From the last chapter, we have a good understanding that learned predictors that bounce around wildly like a high-degree polynomial on a small amount of data seem to be overfit. For example, if we train a 30 degree polynomial on 10 examples, we could visually see this level of overfitting in the predictions made by the model1.

Hide code cell source
# This code cell defines a helper function we use below.
# Understanding the code in this hidden cell is not important

import numpy as np
import pandas as pd
import matplotlib.pyplot as plt
import seaborn as sns

from sklearn.linear_model import LinearRegression

# Special functions for Jupyter Notebook output
from IPython.display import display, Markdown

LEGEND_PARAMS = {"facecolor": "white", "framealpha": 1}

sns.set()

# Set random seet
np.random.seed(123)


def true_f(x: float) -> float:
    """
    True function f(x) (unknown to us)
    """
    return 2 * x - 1.4 * x ** 2


def animl_generate_data(n: int) -> tuple[np.array, np.array]:
    """
    Creates and returns a DataFrame with n randomly drawn examples
    """
    Xs = np.random.uniform(0, 1, n)                # generate n numbers uniform at random from [0, 1]
    ys = true_f(Xs) + np.random.normal(0, 0.1, n)  # evaluate f at each x and add Gaussian noise (mean=0, variance=.1)
    # Need to make Xs a 2D array (with 1 column)
    return Xs.reshape(-1, 1), ys


def animl_plot_data(data: pd.DataFrame, x: str, y: str) -> None:
    fig, ax = plt.subplots(1)
    sns.scatterplot(data=data, x=x, y=y, color="black", alpha=0.9, ax=ax, label="Data")

    ax.set_title("Relating Living Room Square Footage to House Price")
    ax.legend(**LEGEND_PARAMS)


def animl_plot_regression(Xs: np.array, targets: np.array,
                          model: LinearRegression) -> None:
    fig, ax = plt.subplots(1)

    # Plot predictor
    min_x, max_x = Xs.min(), Xs.max()
    plot_xs = np.linspace(min_x, max_x, num=100)
    pred_ys = model.predict(plot_xs.reshape(-1, 1))
    ax.plot(plot_xs, pred_ys, color="#59C5E6", linewidth=2, label="Predictor")

    # Plot data
    sns.scatterplot(x=Xs[:, 0], y=targets, ax=ax, color="black", label="Data")

    # Customize plot
    y_min, y_max = targets.min(), targets.max()
    y_range = y_max - y_min
    ax.set_ylim(y_min - 0.1 * y_range, y_max + 0.1 * y_range)
    ax.set_title("Predicting Price (dollars) with Living Room size (sq. ft.)")
    ax.legend(**LEGEND_PARAMS)
from sklearn.linear_model import LinearRegression
from sklearn.preprocessing import PolynomialFeatures
from sklearn.pipeline import Pipeline

def overfitting_experiment(n: int, degree: int, plot: bool=True) -> LinearRegression:
    """
    Runs an experiment generating a polynomial model trained on
    n points generated randomly.
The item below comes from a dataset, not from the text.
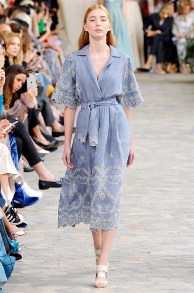 Segni particolari: Una ninfa dei nostri giorni, è così che Luisa Beccaria immagina la donna: sensuale, dolce, fluttuante. La collezione S/S 2017 presenta capi in lino, in cotone, in organza. La parola d’ordine è leggerezza. Come le onde del mare ora agitate ora calme, come la natura decisa e morbida allo stesso tempo, le modelle eteree sembrano appena uscite da un quadro di Monet, sfilando come se stessero fendendo l’acqua. Drop pants e pantaloni palazzo si susseguono con leggiadria trasmettendo sensualità. Abiti svasati sembrano riproporre il gorgoglio dell’acqua: fluidi accarezzano morbidamente il corpo lasciandolo intravedere in trasparenza. Per la sera abiti scivolati, gonne ampie e tuniche ricamate con fiori d’allium regalano un’atmosfera incantata.

Plots the model predictions compared
    to the training data. Returns the model afterward.
    """

    Xs, ys = animl_generate_data(n)

    # We use a new construct from scikit-learn called Pipeline to make
    # a sequence of preproccessing steps. First to transform the data to
    # have polynomial features, then to train a linear regression model.
    # We can call fit/predict on this pipeline and it runs each step
    # in sequence (first transform features, then to linear regression model)
    model = Pipeline([
        ("features", PolynomialFeatures(degree)),
        ("linear model", LinearRegression())
    ])
    model.fit(Xs, ys)

    # Plot predictions
    if plot:
        animl_plot_regression(Xs, ys, model)
    return model

model_small_data = overfitting_experiment(n=10, degree=30)
../../_images/05ea4f4738d33bd6e10fd544acd48db53b2158d49a52a41916501617ee68411e.png

However, if we instead had a lot more data we don’t see the same overfitting behavior visually even with a model of the same complexity.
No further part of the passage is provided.